GHOSTS ON AN ALIEN WIND now available for Kindle pre-order!

It drops Saturday. Just in time for Fright Reads!

Science Fiction! Horror! Adventure!

Something murdered the Galaxy. There was no warning, no explanation, and no mercy… except for humanity. Humans were the only sapients spared, and nobody knows why. Now Earth and her colonies gingerly explore the Tomb Worlds, picking through the ruins of dead civilizations for answers, or at least treasures. The researchers sent out can bring back wonders. If they survive.

Pamela Tanaka is the Chief Pilot for a research outpost on the terrifyingly comfortable world of One-Eighteen, and she is precisely where she wants to be. But when madness, murder, and mass sacrifice profane her chosen home, she must search for answers on her own – but not “before it’s too late.” Everybody who goes to the Tomb Worlds knows ‘too late’ has already come and gone.

You can pre-order GHOSTS ON AN ALIEN WIND here.

Crunch time on GHOSTS ON AN ALIEN WIND.

Just got back the second and final round of edits on GHOSTS ON AN ALIEN WIND. My editor informed me that there were parts of it that she wished she hadn’t read before bed, so I’m going to score that as a good omen for a science fiction horror novel. I plan to spend the rest of the evening burning through them, and making what changes were necessary. They should just be hyphenation, typos, and my personal nemesis: semicolons. Although it’s a relief to just let a copyeditor flag those.

Now comes the processing work. I will not have the book ready for Fright Reads, but I might be able to get the Kindle version published by then. Thoughts on doing that, or waiting until the paperback is proofed to release the book? I already know that GHOSTS ON AN ALIEN WIND will not be on Kindle Unlimited. I want to see what the alternate revenue streams look like on this one.

Busy couple of days either way.

Up to Chapter 6 on the GHOSTS ON AN ALIEN WIND pass-through!

It’s going much faster, because thankfully typos and flaws do not actually breed when you’re not looking. That’s just a myth that writers tell people because we don’t want to explain that staring at text is hard. It’s particularly hard when you have to force yourself to remember the text that you’re staring at is not necessarily the text that you have in your head…

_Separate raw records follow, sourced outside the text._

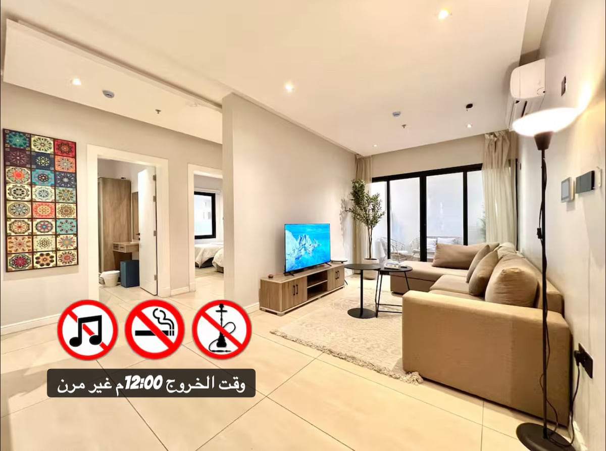 مرحبا بكم في شقتنا التي توفر لكم إقامة استثنائية تفوق توقعاتكم.الشقة تحتوي على غرفة نوم مجهزة بأجود أنواع المراتب بالإضافة الى صالة منفصلة بأرائك مريحة مع شاشة ذكية 65 بوصة للاستمتاع(نتفلكس, شاهد, بي ان)+واي فاي. المطبخ مجهز بكامل الأدوات لتلبية جميع احتياجاتك. تتوفر جلسة خارجية بتصميم ريفي واطلالة مميزة على المركز المالي مناسبة لإقامة المناسبات والجمعات مع الاهل والاصدقاء. الشقة مُجهزة للإقامات القصيرة والطويلة. الموقع رائع في قلب المدينة بالقرب من المعالم السياحية والخدمية والمطاعم.
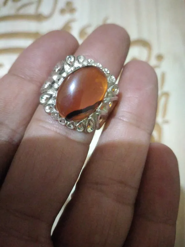 انگشتر قدیمی عقیق. مسی. روکش نقره
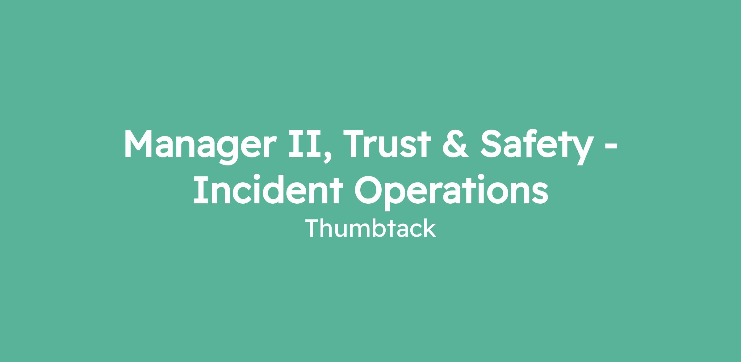 Manager II, Trust & Safety - Incident Operations
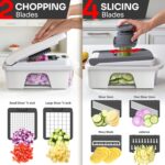 Mueller Pro-Series All-in-One, 12 Blade Mandoline Slicer for Kitchen, Food Chopper, Vegetable Slicer and Spiralizer, Cutter, Dicer, Grater, Kitchen Gadgets Sets with Container, White Sand/Grey
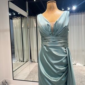 Step into elegance with this stunning teal evening dress. Perfect for any special occasion!! The gown is BRAND NEW—this is the large size, medium and large is available!
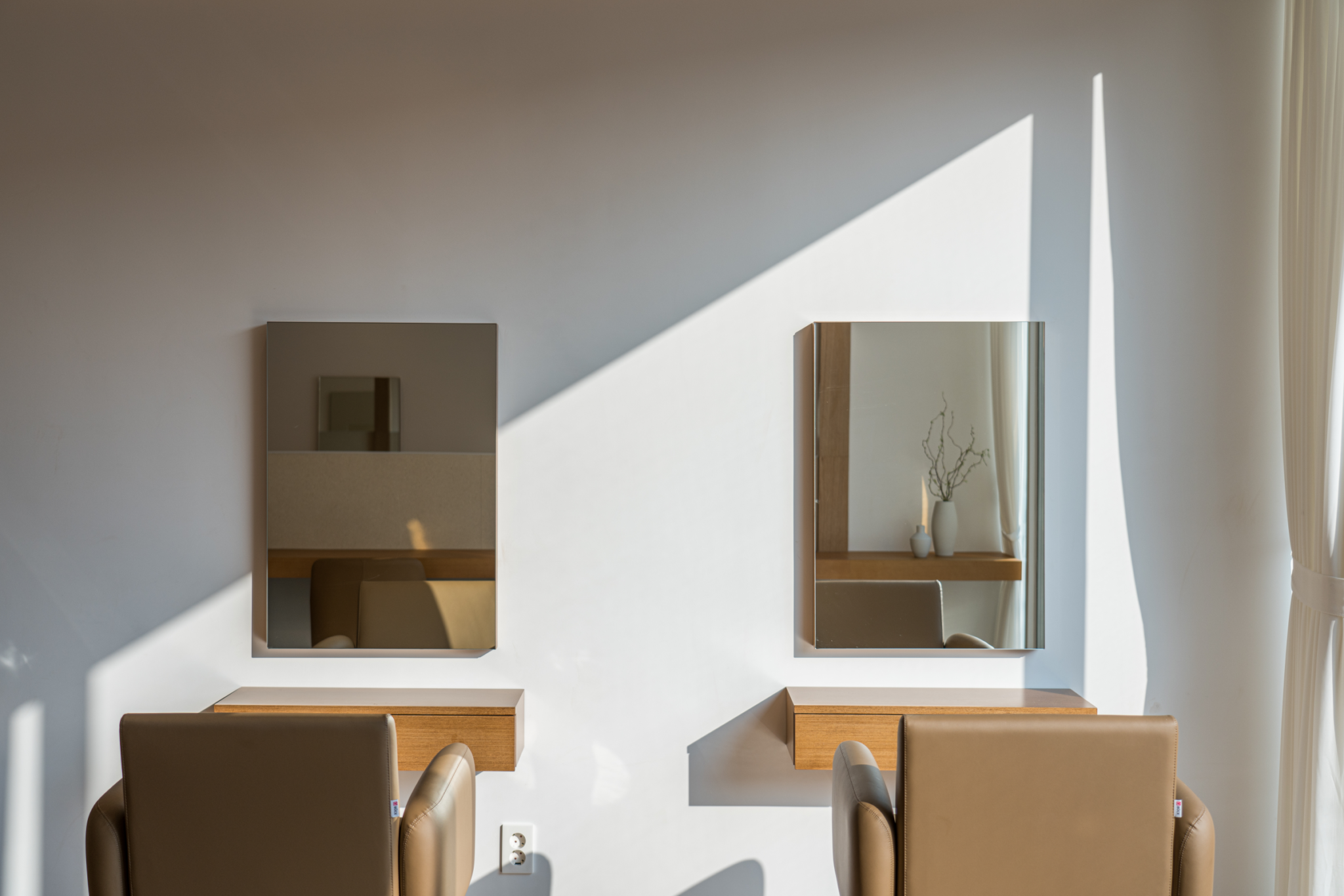 我们选择部分降低现有场地 4 米的高天花板高度。于是,在刻意低矮的等候空间中,一次性布置了建筑本身能够接收到的冷静、文书的形象,然后在面向的空间中遇到了山墙形式的阁楼形象。

Anyway, the pass-through continues. Soon I will have a good idea of a release date. Soon.

Prepare yourself for GHOSTS ON AN ALIEN WIND by buying COVENANTS!

COVENANTS: FOUR TALES OF AGREEMENTS has a story set in the same science fiction / horror universe (“Tour of Duty”) as my upcoming novel GHOSTS ON AN ALIEN WIND. Also check out “Notes from the 2078 United Nations Antarctic Archaeological Survey” on Kindle Vella. Between the two, you should be able to get a feel for the world of the novel. Also, I get money. Win-win!

First set of edits for GHOST ON AN ALIEN WIND are in the can!

Queue the excited gibbering and meeping. I still have to go into the first chapter and punch it up considerably, which I will do… tomorrow. Tomorrow sounds good. Brain tired needs foods.

After that, I send GHOSTS ON AN ALIEN WIND back to my editor for another quick pass-through, just to catch whatever typos we missed the first time. After that… crap, it’ll be time to publish another book. This will be my fourth novel. Fancy that.

#commissionearned

Got some more chapters edited on GHOSTS ON AN ALIEN WIND.

And I think I fixed a bit of a problem that the editor was flagging with it, in a way that neither bugged me, nor demanded an entire rewrite of a couple of chapters. One of the problems with writing a book is that you forget sometimes what you’ve written, or you change your mind about something halfway through and forget to revise everything to reflect that. Hopefully I’ve stamped on that particular issue.

PS: Buy my books! MORGAN BAROD and TALES FROM THE FERMI RESOLUTION are half off in paperback right now. I dunno why, either.

Another two chapter edits on GHOSTS ON AN ALIEN WIND…

…and I may be done for the moment. Doing chapter edits always requires more brainpower than I expect it to. Maybe because I have to think about the edit’s relationship with the rest of the text? Or something like that.

By the way: one reason that you should get an editor when you can is for the questions you get asked about your text. There are things that I know about the story, but never spelled out. Or, in some cases, articulated. Having somebody point out possible obscurities is a definite help.